Abraham, inventeur de la Plaidoirie pour une cause gagnée
On lira avec intérêt Le guide pratique du plaideur embryonnaire de l'avocat Pierre-Antoine Yao, petit ouvrage technique éclairant les techniques oratoires des professionnels en justice. On s'apercevra qu'Abraham non seulement les maîtrisait toutes, mais qu'il en fut l'inventeur, bien avant qu'Aristote ne s'aperçoive des vertus de la parole éloquente.
Le juriste, explique l'avocat, connaît deux types de plaidoiries : celles dites « fermées » et celles dites « ouvertes ». « Une plaidoirie est dite fermée lorsque sa complexité est telle que l'avocat est conscient de ce que le droit est en défaveur de son client, la culpabilité de son client est irréfragable. C'est le cas d'une affaire où votre client a pu commettre un crime. Ici, quelque soit le génie de l'avocat, le client sera condamné. L'avocat ne peut ici que plaider la personnalité de son client pour atténuer la peine encourue parce que l'affaire semble être fermée. Dans l'autre cas, la plaidoirie est ouverte parce que l'affaire est moins complexe et l'avocat a un large champ à explorer. »

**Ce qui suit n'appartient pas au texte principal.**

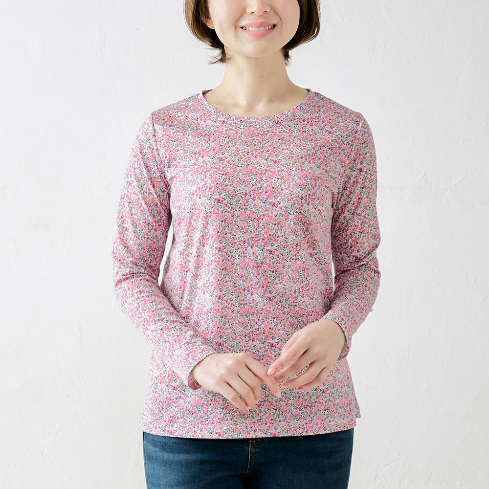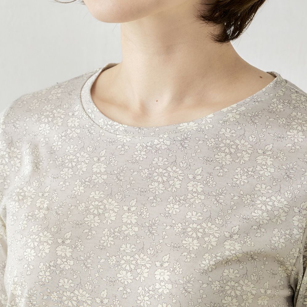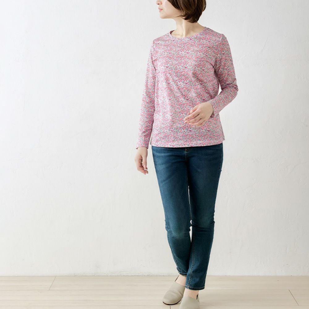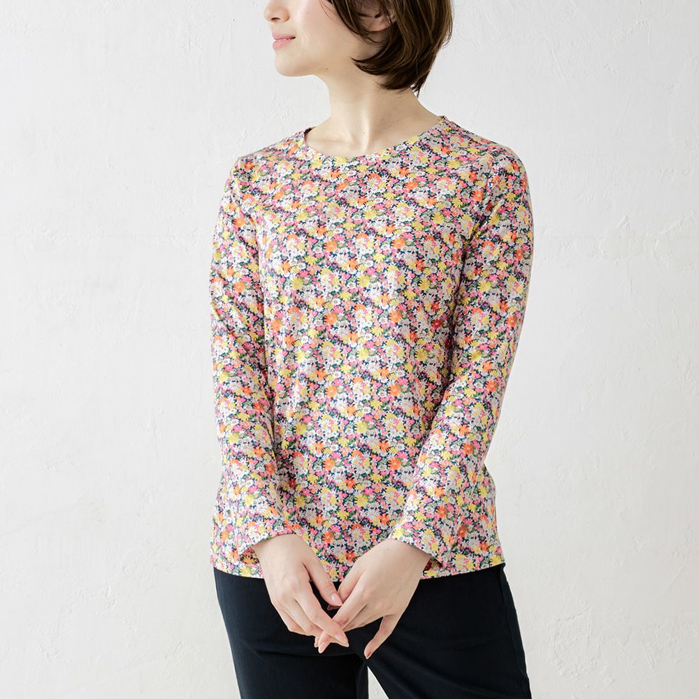 品よく華やぐ、リバティプリント生地を使用したカットソー。 コーディネートを華やかに彩る主役級の1着。 ダーツ入りですっきりキレイに見える、シンプルながらこだわりのシルエット。

Abraham sait qu'il se trouve en situation « fermée ». Les crimes commis et répétés dans les villes sont impardonnables, le châtiment inévitable et cependant… Abraham est l'homme du « cependant ». On ne saurait enfermer le destin de l'humanité en terme de bipolarité « ouvert ou fermé ». Il existe toujours la voix de recours, celle qui consiste précisément à briser cette structure binaire exclusive et absolutiste. La « Droite » pure n'existe pas. De même qu'il n'existe aucune « Gauche » pure. Il s'agit, selon lui, de distinguer, séparer. Ne pas sombrer dans la confusion. Il isole les composantes de l'unité et lance sa première péroraison : Dieu confondrait-il les polarités du monde ? Anode et cathode doivent être séparées l'une de l'autre. Confondrait-il le jour et la nuit , ne discerne-t-il plus sa gauche de sa droite ? Ignorerait-il les tenants structuraux de sa Création ? Aurait-il embrouillé l'édifice séphirotique confondant Binah et Hochmah, Gébourah et Hesed, Hod et Netza ?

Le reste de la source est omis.